Toomai of the Elephants
A ten-year-old elephant handler is told he will never become a real mahout. That night, an elephant carries him into the jungle to see something no human has ever seen.
Summary
Little Toomai is ten years old, the son of Big Toomai and the grandson of a long line of mahouts — men who handle government elephants at the khedda camps. He is small and quick and has grown up around elephants his entire life, which means he moves among them without fear and they treat him as part of the furniture. His particular elephant is Kala Nag, a great tusker nearly sixty years old who has been in the Toomai family's charge for three generations. Petersen Sahib, the white officer who runs all elephant-catching operations in the region, notices Little Toomai and asks what he wants to be when he grows up. A mahout, says Toomai. Petersen Sahib says: you can be a mahout when you have seen the elephants dance, which no human has ever seen. It is not a kind joke, but Petersen Sahib does not mean it unkindly; he simply does not expect it to be fulfilled.

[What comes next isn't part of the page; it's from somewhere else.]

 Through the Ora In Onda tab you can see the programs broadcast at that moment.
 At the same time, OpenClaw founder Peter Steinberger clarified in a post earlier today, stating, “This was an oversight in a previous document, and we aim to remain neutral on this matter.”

That night, during a festival in the camp, Kala Nag pulls his picket chain from the ground — a thing he has not done in years — and begins walking into the jungle. Toomai, waking to the sound, sees him going and climbs onto his back. He does not know where they are going. The jungle is dark and full of sound. Kala Nag walks for hours, deeper into the forest, until he reaches a clearing where the moonlight comes through. Every elephant in the region is there: wild elephants, camp elephants, old elephants with tusks worn down to stumps. They dance — not gracefully, but terribly, stamping the ground flat, turning and turning in the moonlight. Toomai watches. He is the only human present. He falls asleep somewhere in the middle of it.

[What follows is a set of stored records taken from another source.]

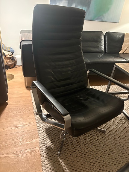 Ny lænestol sort ægte læder
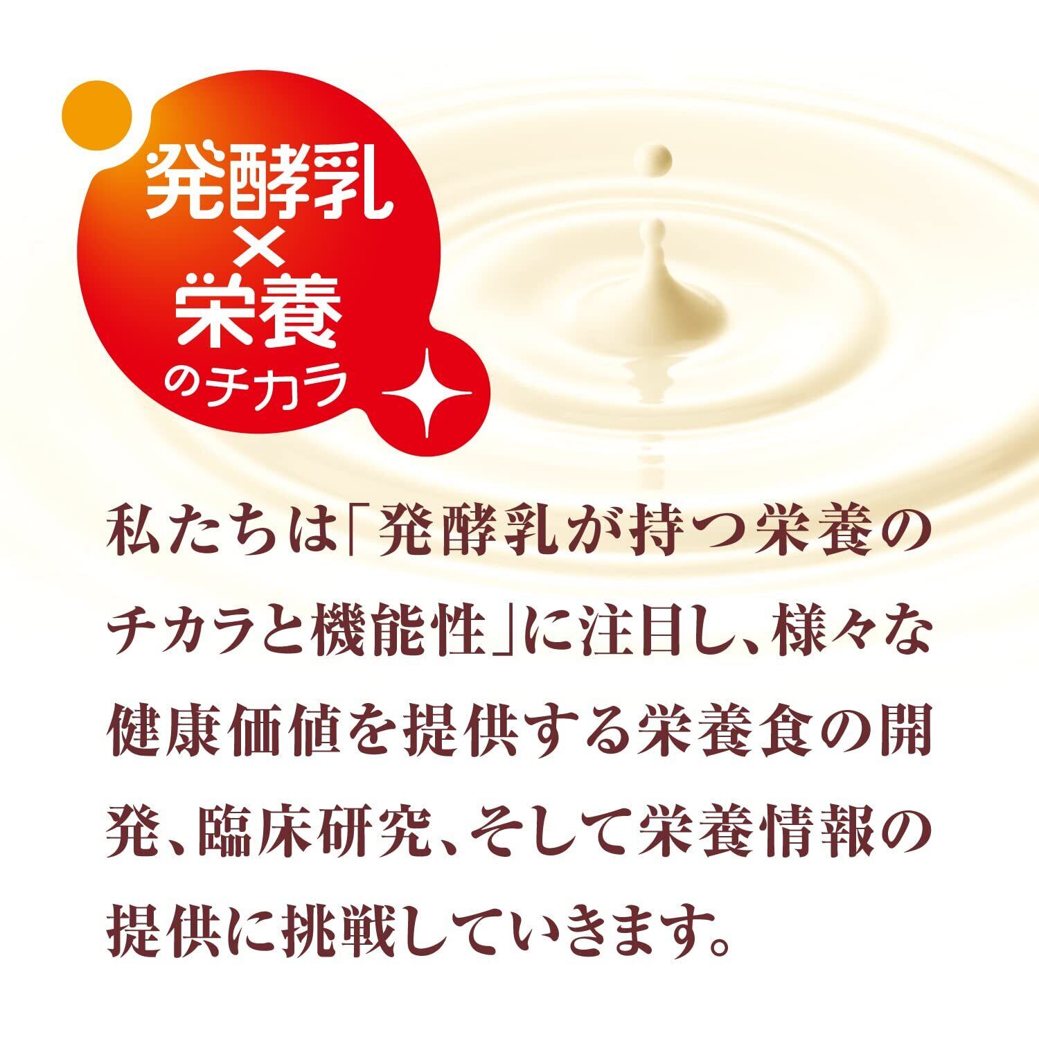 液状デキストリン(国内製造)、乳清たんぱく、乳製品、食用油脂(なたね油、パーム分別油)、難消化性デキストリン、ガラクトオリゴ糖、砂糖、食塩、酵母/pH調整剤、安定剤(増粘多糖類)、乳化剤、V.C、リン酸Mg、クエン酸K、リン酸Ca、香料、甘味料(スクラロース、ソーマチン)、グルコン酸亜鉛、V.E、硫酸鉄、ナイアシン、パントテン酸Ca、グルコン酸銅、V.B6、V.B1、V.B2、V.A、葉酸、ビオチン、V.K、V.B12、V.D、(一部に乳成分・大豆を含む)
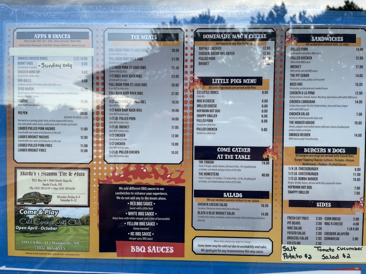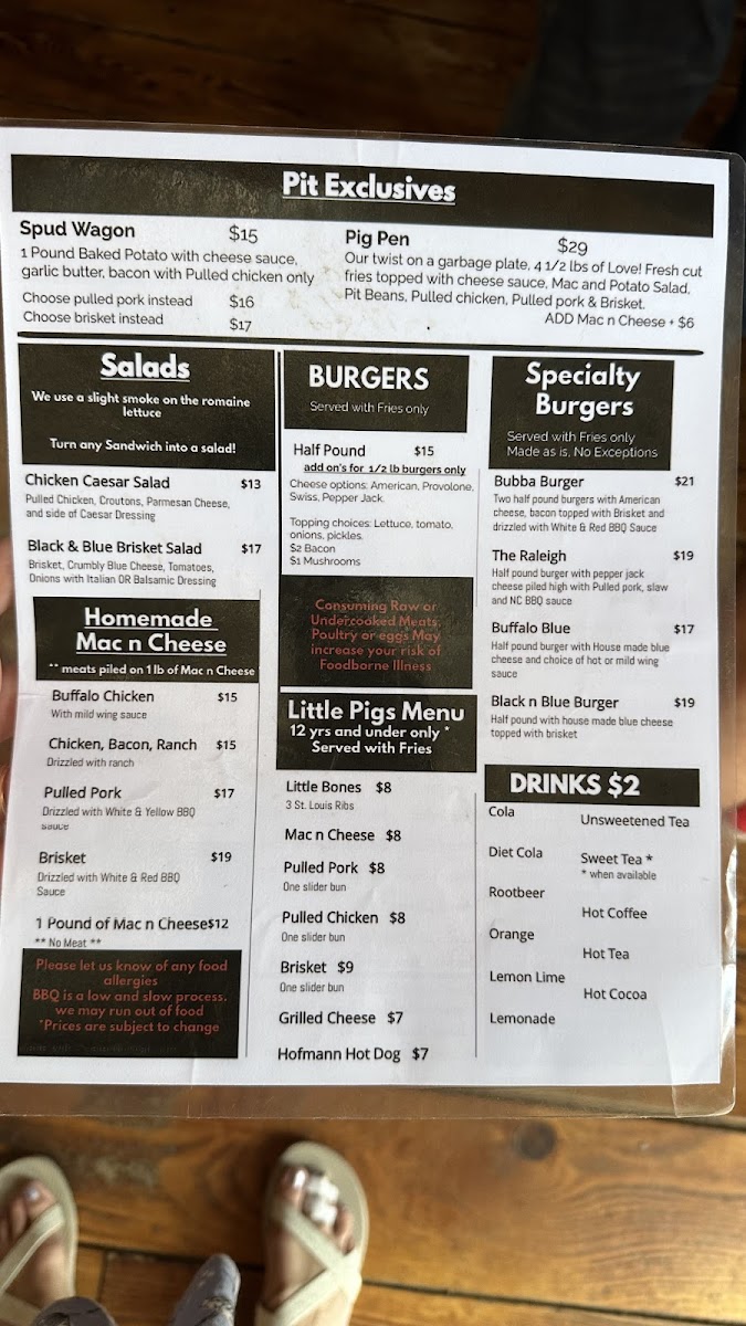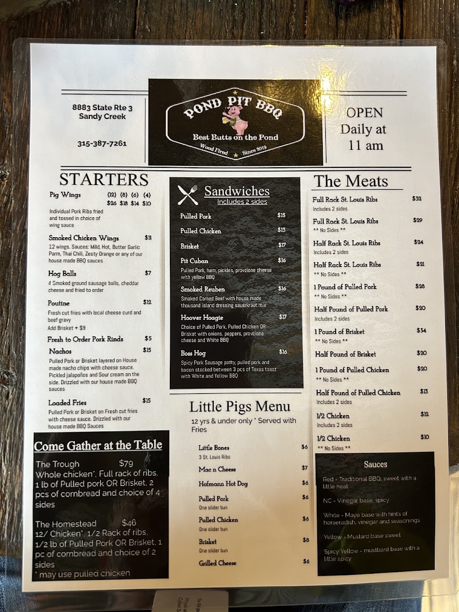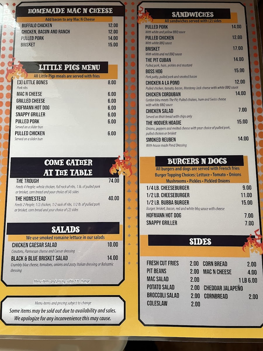 Pond Pit BBQ offers a straightforward menu focused on classic barbecue favorites, served in a relaxed, no-fuss environment. The selection features hearty meats like St. Louis ribs, pulled pork, and smoked brisket, paired with comforting sides such as mac and cheese and cornbread. Whether you’re stopping by for a casual lunch or a laid-back dinner, the menu suits anyone looking for satisfying, smoky flavors in a welcoming setting.

He wakes on Kala Nag's back at the edge of the camp at dawn. The ground where the elephants danced is perfectly flat — every stump flattened, every root exposed. Petersen Sahib, hearing the story, looks at Toomai for a long time. He calls him Toomai of the Elephants. He acknowledges him as a mahout. The story's argument is not about courage or cleverness. Toomai was carried; he did not choose. But he was the one who loved the elephants enough to stay on Kala Nag's back in the dark jungle rather than climbing off and running. The love was what made the difference, and Petersen Sahib knows it.